An Image-Based Data-Driven Model for Texture Inspection of Ground Workpieces

Sensors (Basel). 2022 Jul 11;22(14):5192. doi: 10.3390/s22145192.

Abstract

Nowadays, the grinding process is mostly automatic, yet post-grinding quality inspection is mostly carried out manually. Although the conventional inspection technique may have cumbersome setup and tuning processes, the data-driven model, with its vision-based dataset, provides an opportunity to automate the inspection process. In this study, a convolutional neural network technique with transfer learning is proposed for three kinds of inspections based on 750-1000 surface raw images of the ground workpieces in each task: classifying the grit number of the abrasive belt that grinds the workpiece, estimating the surface roughness of the ground workpiece, and classifying the degree of wear of the abrasive belts. The results show that a deep convolutional neural network can recognize the texture on the abrasive surface images and that the classification model can achieve an accuracy of 0.9 or higher.

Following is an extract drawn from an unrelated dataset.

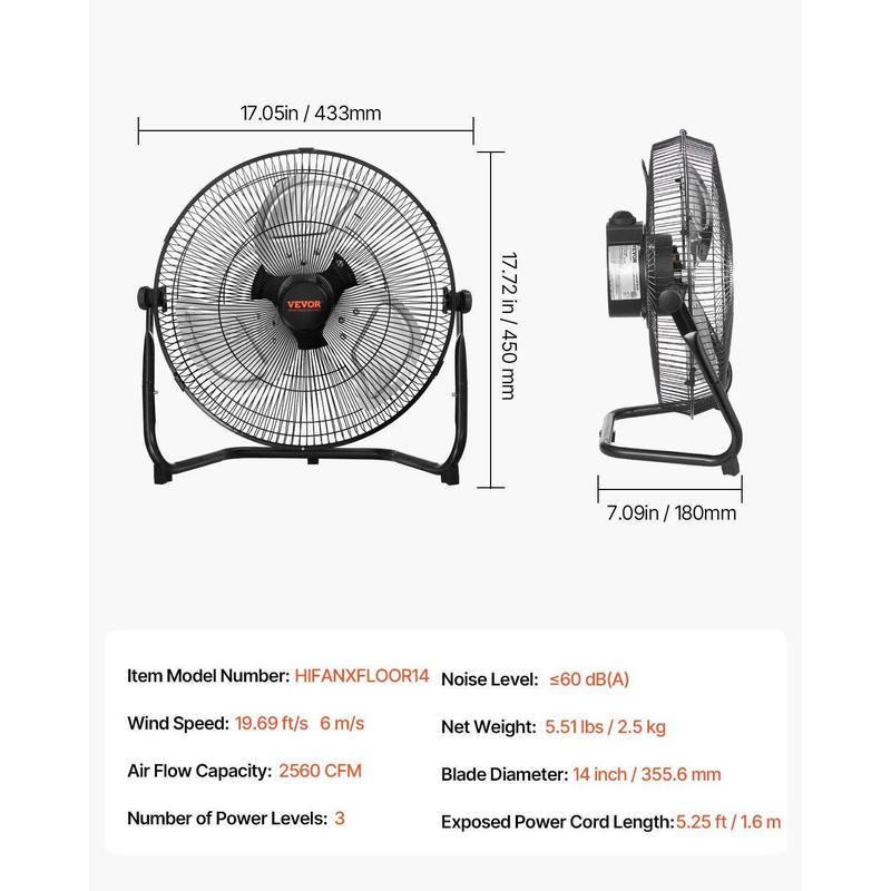 ·Built-to-Last Structure: This heavy-duty industrial fan features a metal grill with a black powder rust-proof coating, ensuring durability. The fan’s 14-inch wide aluminum blades are strong and won’t easily break.

In addition, the external coaxial white light was the most suitable light source among the three tested light sources: the external coaxial white light, the high-angle ring light, and the external coaxial red light. Finally, the model that classifies the degree of wear of the abrasive belts can also be utilized as the abrasive belt life estimator.

Keywords: abrasive belt; convolution neural networks; grinding; grit number; surface images; surface roughness; transfer learning.